Google DeepMind, Google’s artificial intelligence research lab, has released new research on training AI models that claims to dramatically accelerate training speed and energy efficiency by an order of magnitude, producing 13x better performance and tenx better energy efficiency than other methods. The new JEST training method comes at a time when discussions about the environmental impact of AI data centers are intensifying.
DeepMind’s method, called JEST or Joint Example Selection, is a simple departure from traditional AI model training techniques. Traditional training methods focus on individual data points for training and learning, while JEST trains on entire batches. JEST first creates a smaller AI model that will evaluate the quality of data from very high-quality sources, ranking the batches by quality. It then compares this evaluation to a larger, lower-quality set. The smaller JEST model determines which batches are best for training, and a larger model is then trained from the results of the smaller model.

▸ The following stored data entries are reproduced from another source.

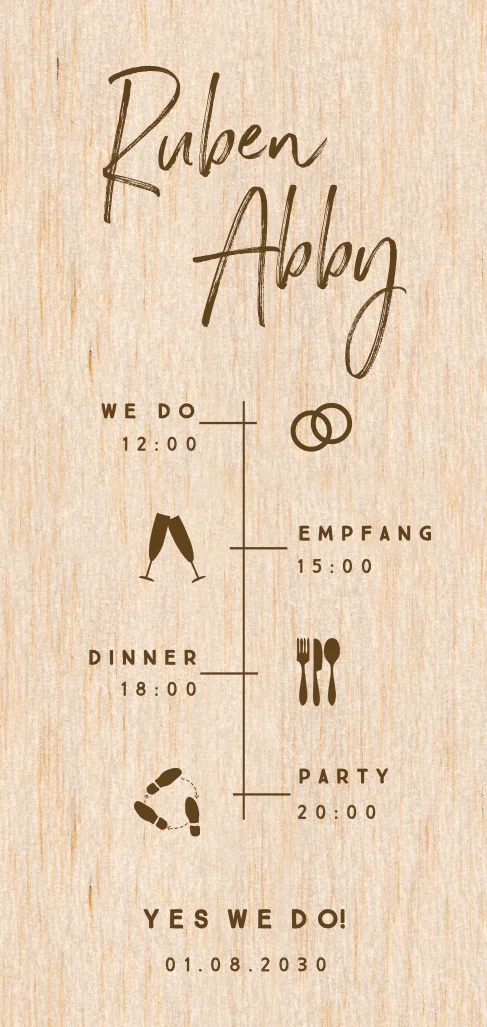 Schmale Hochzeitseinladung in Echtholz mit illustriertem Tagesablauf. Dieses Design ist perfekt für Paare, die nach einer natürlichen und ausgefallenen Einladung suchen.
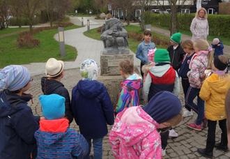 Kinder aus dem Burger Hort „Lipa“ lauschen an der Skulptur des Wassermanns im Kur- und Sagenpark aufmerksam der gleichnamigen Sage. Diese ist, wie viele weitere Geschichten, über die neue Audiotour zu erhören. Dazu muss man mit dem Handy einfach nur den QR-Code scannen.
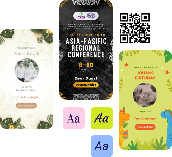 Tersedia lebih dari 300+ tema undangan yang dapat Anda pilih, dan kami terus melakukan update secara berkala sesuai tren serta permintaan dari para klien. Temukan tema yang paling cocok untuk acara spesial Anda!
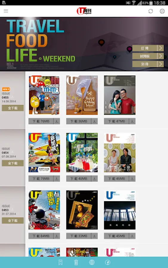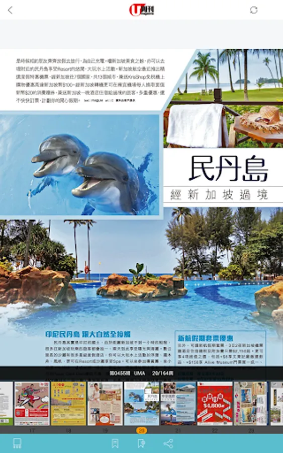 《U Magazine (U周刊) 電子雜誌》,為用戶提供一本優質優越的旅遊生活周刊。雜誌一書三冊,分為︰「Travel」、「Food」、「Life + Weekend」,帶引讀者 see U see more「睇」驗。
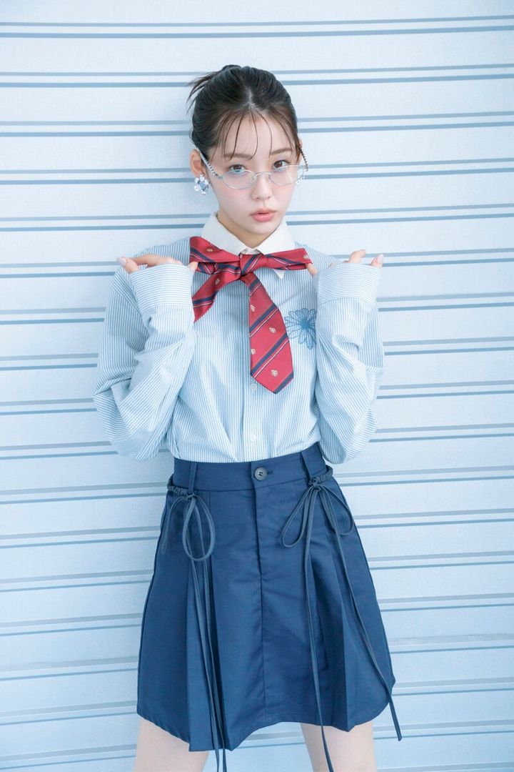 シャツ¥14,300/マルディメクルディ(マルディメクルディジャパン)、スカート¥6,050/イデム、メガネ¥4,950/カーメロ(ともにアンティローザ)、イヤリング¥2,310/ゴールディ、ネクタイ¥1,100、レッグカバー¥880/ともにスピンズ
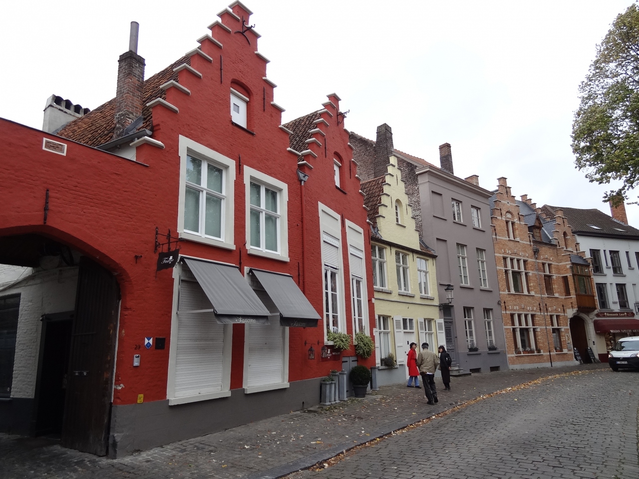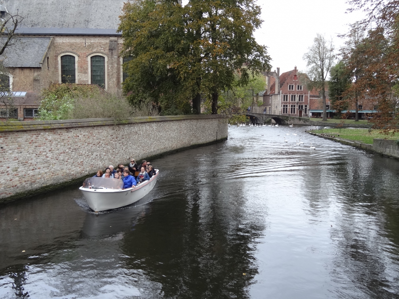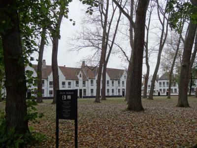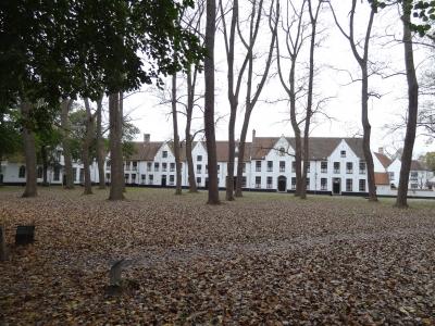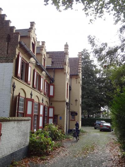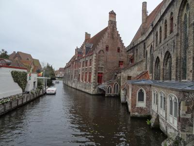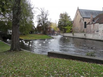 中世の香りが漂うブルージュの広場に建っています。公園の入り口に架かる端を渡って、どんどん歩いていくと中世の時代にタイムスリップしたような感じがします。小さな煙突を持つ茶色の屋根、真っ白い壁が浮き立つ建物がいくつか見え始めると、運河には白鳥が数十匹、観光ボートが行き交って、素晴らしい景色を織り成しています。修道院は数本の樹木の向こう側に見えてきます。修道院も今まで見た建物と同じ色・形をしていて、現地ガイドさんの指摘がないと修道院とは気づかなかったです。お土産ショップやレストランなどが立ち並ぶ小路は散策するだけでも気持ちがウキウキします。おとぎの国から抜け出てきたような可愛いお店ばかりです。ブルージュの町並みはどこを撮影しても写真になるスポットです。
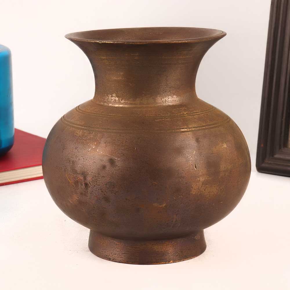 This Brass Holy Water Pot is a timeless masterpiece crafted by local artisans from India. Fashioned from high-quality brass and adorned with an alluring antique brown finish, this pot exudes an aura of elegance and charm. Versatility lies at the heart of this stunning artefact, making it a perfect addition to any setting. Whether placed in a home, office, restaurant, hotel, or cafe, it adds a touch of sophistication to the ambiance and serves as a captivating display piece in exhibitions or vintage collections. This sacred water pot serves a spiritual purpose as well, being a symbol of devotion and worship. It is ideal for offering water to deities like the Shivling at temples and the revered Sun God. When positioned in the north or east direction of a room, it radiates positive energy, infusing the surroundings with a sense of serenity and tranquillity. As a thoughtful gift, this brass pot is a token of love and affection that can be presented to your dear ones on special, festive, or auspicious occasions.
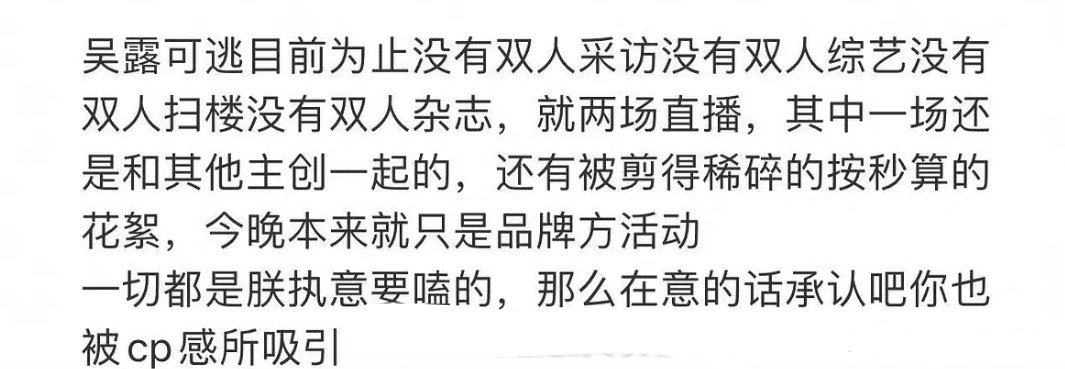 一段广为流传的话是,“吴露可逃目前为止没有双人采访没有双人综艺没有双人扫楼没有双人杂志……一切都是朕执意要嗑的,那么在意的话承认吧,你也被CP感所吸引。”
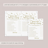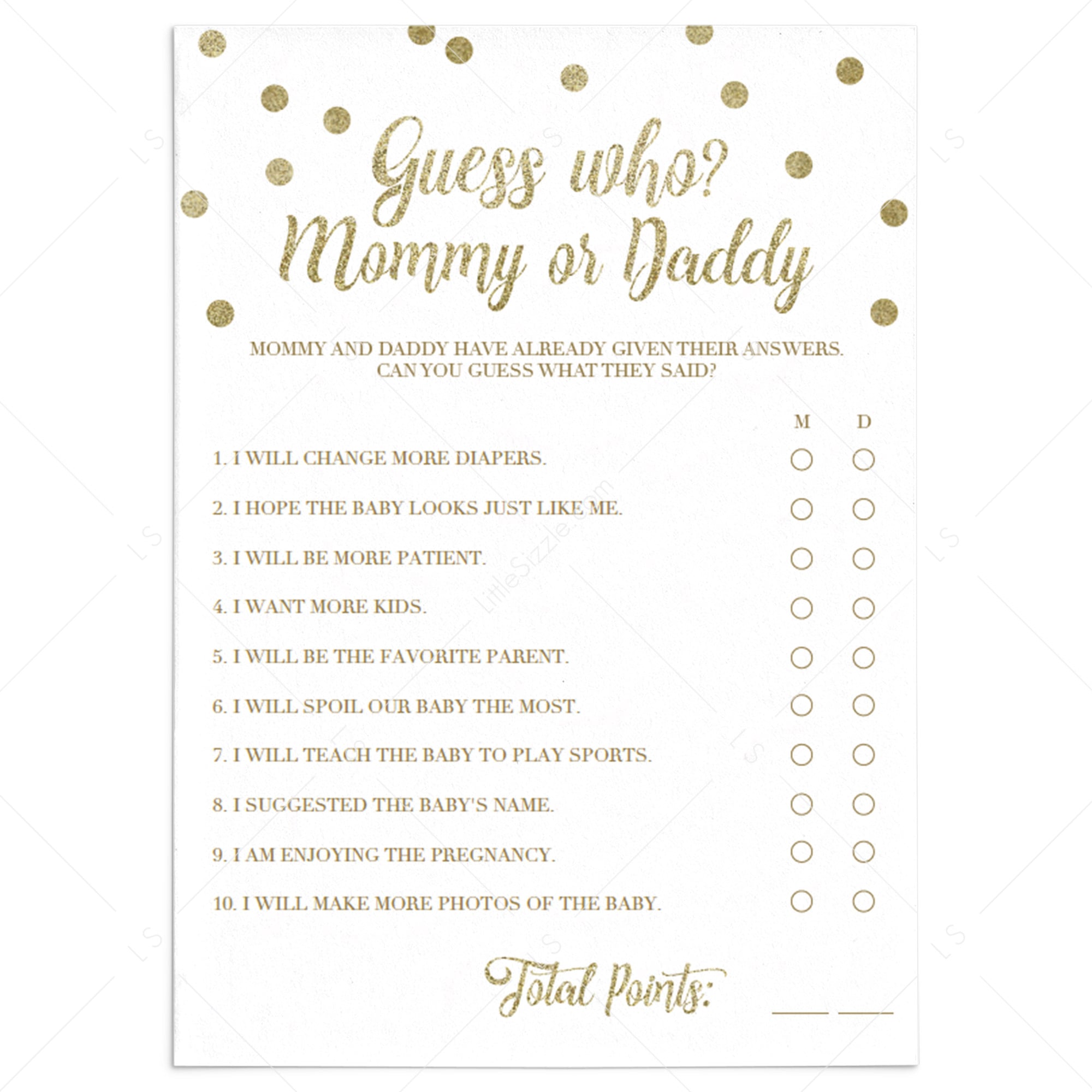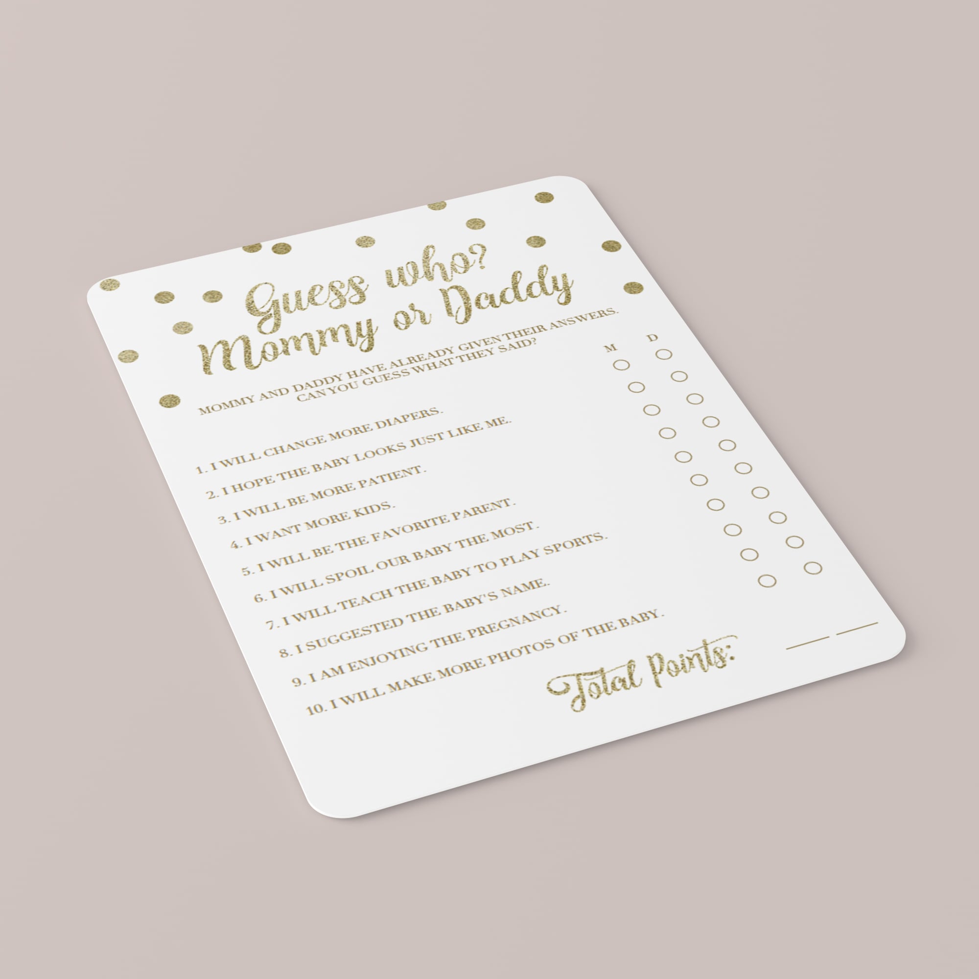 Before the baby shower, ask the mommy and daddy-to-be the questions listed on the gold baby shower game sheet and write down their answers. The questions can be personalized. Who suggested the baby’s name? Who will teach baby to dance? Who will be more patient?
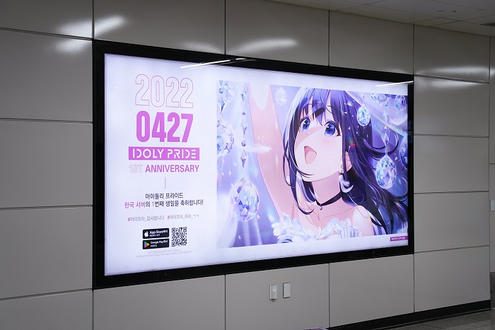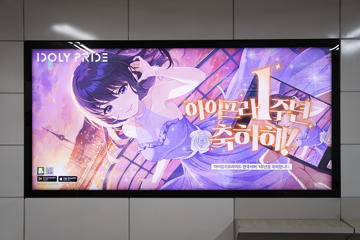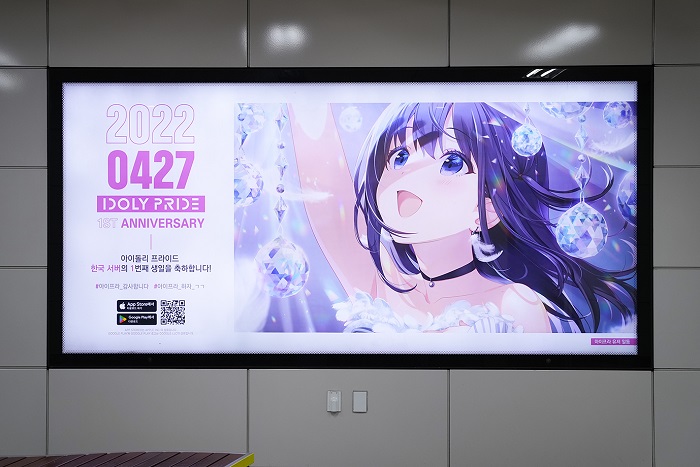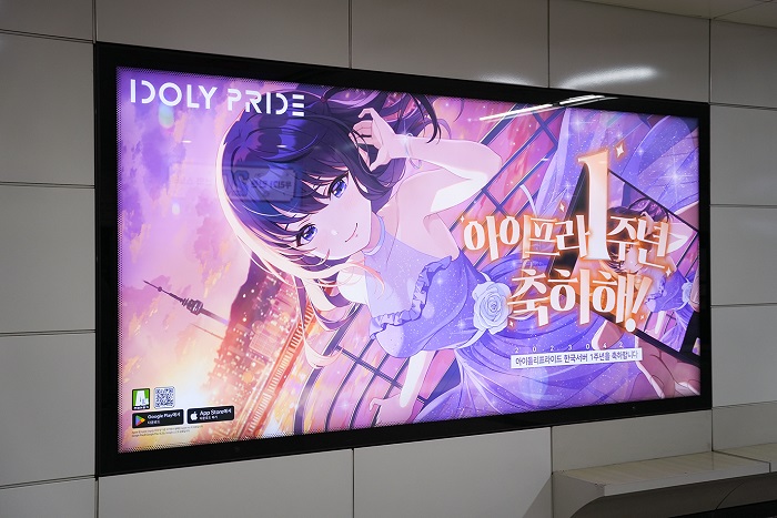 네오위즈 사옥이 위치한 분당구 인근의 지하철 판교역에 '아이돌리 프라이드' 출시 1주년을 축하하는 옥외 광고가 게재됐다. 이번 광고는 '아이돌리 프라이드' 이용자들의 자발적인 모금으로 진행됐으며, 생일 축하 멘트와 함께 게임 캐릭터 '나가세 마나'의 이미지 3편으로 구성됐다.
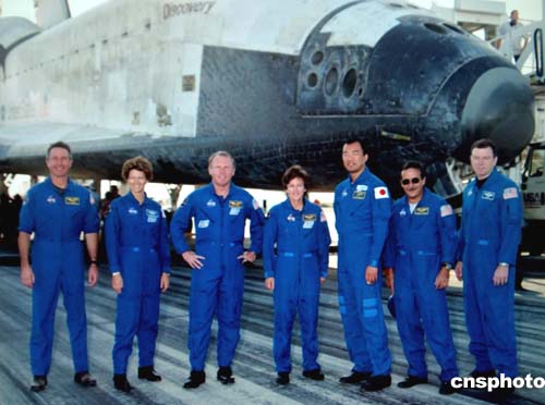 女機長科林斯率機組下機后說,都迫不及待地想看看返航后的航天飛機外面是什么樣子。大家首先環(huán)繞發(fā)現(xiàn)號一周,仔細巡視機身上的傷痕。
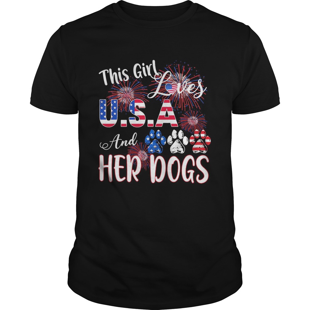 Independence Day this girl loves USA and her dogs paws firework shirt, hoodie, sweater, longsleeve and ladies t-shirt
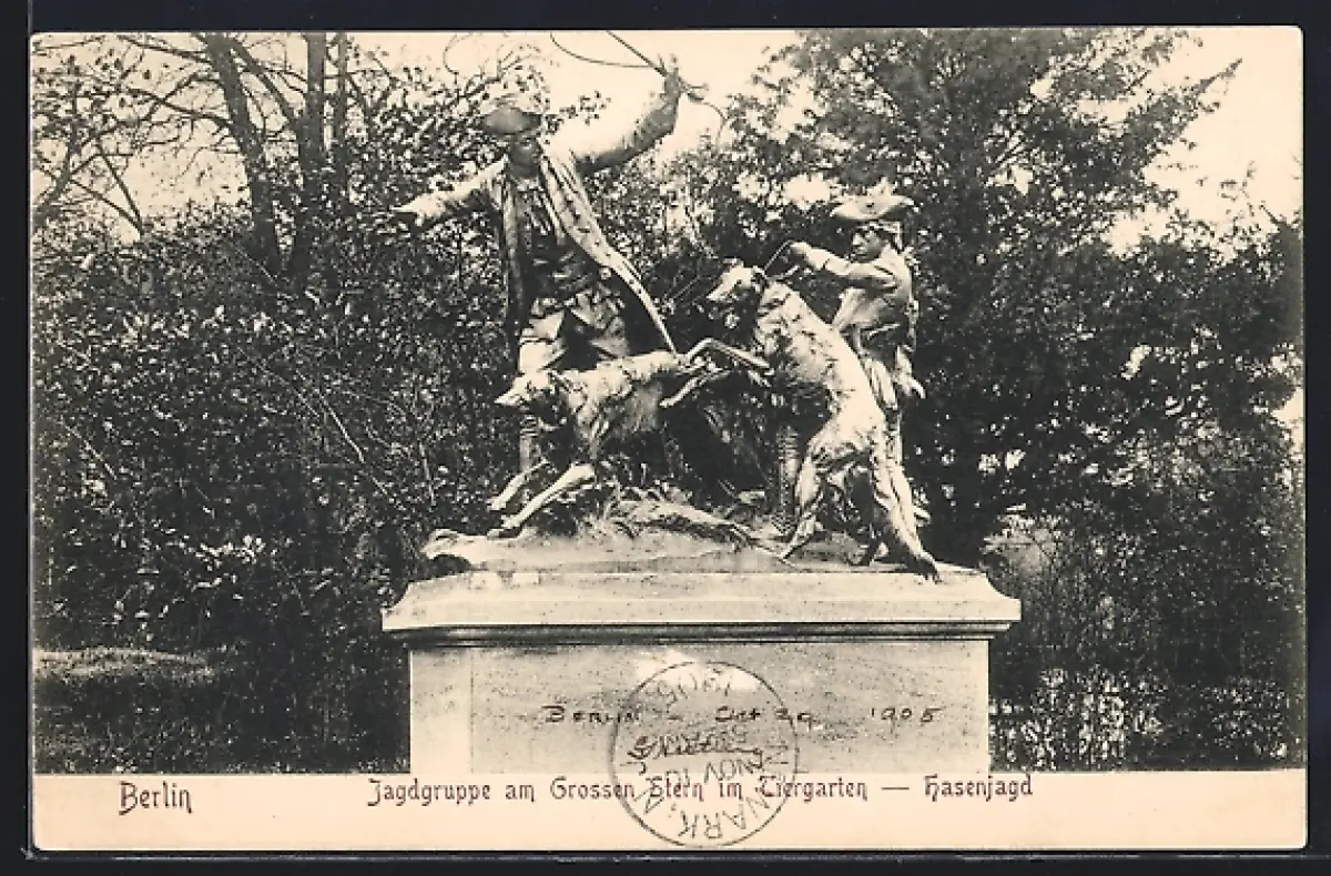 AK Berlin, Jagdgruppe am Grossen Stern im Tiergarten - Hasenjagd
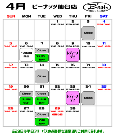 4月カレンダー
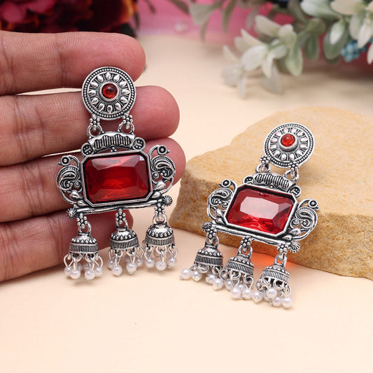 Ruby Color Oxidised Earrings (GSE3073RUBY)

The article itself, available here, provides a more in-depth explanation of the processes used in the study and the future of the research.
DeepMind researchers make it clear in their paper that this “ability to steer the data selection process toward distributing smaller, well-organized datasets” is critical to the success of the JEST method. Success is the right word for this research; DeepMind claims that “our approach outperforms state-of-the-art models with up to 13 times fewer iterations and 10 times less computation.”
Of course, this system relies entirely on the quality of its training data, as bootstrapping breaks down without the highest possible quality, human-curated dataset. Nowhere is the mantra “garbage in, garbage out” truer than in this method, which attempts to “leapfrog” its training process. This makes the JEST method much harder for hobbyists or amateur AI developers to match than most, as expert-level search skills are likely required to curate the highest quality initial training data.
JEST’s study comes at a time when the tech industry and governments around the world are beginning discussions about the extreme energy demands of artificial intelligence. AI workloads are expected to consume an estimated 4.3 GW in 2023, nearly equivalent to the annual electricity consumption of the nation of Cyprus. And things are certainly not slowing down: a single ChatGPT query costs 10 times more electricity than a Google search, and Arm’s CEO estimates that AI will take up a quarter of the US power grid by 2030.
It remains to be seen if and how JEST methods will be adopted by major players in the AI industry. GPT-4o reportedly cost $100 million to train, and future larger models could soon reach $1 billion. So companies are likely looking for ways to save their wallets in this area. Optimists believe that JEST methods will be used to keep current training productivity rates at much lower energy consumption levels, thereby reducing AI costs and helping the planet. However, it is much more likely that the capital machine will keep its foot on the pedal, using JEST methods to keep energy consumption at a maximum for ultra-fast training production. Cost savings or production scale, who will win?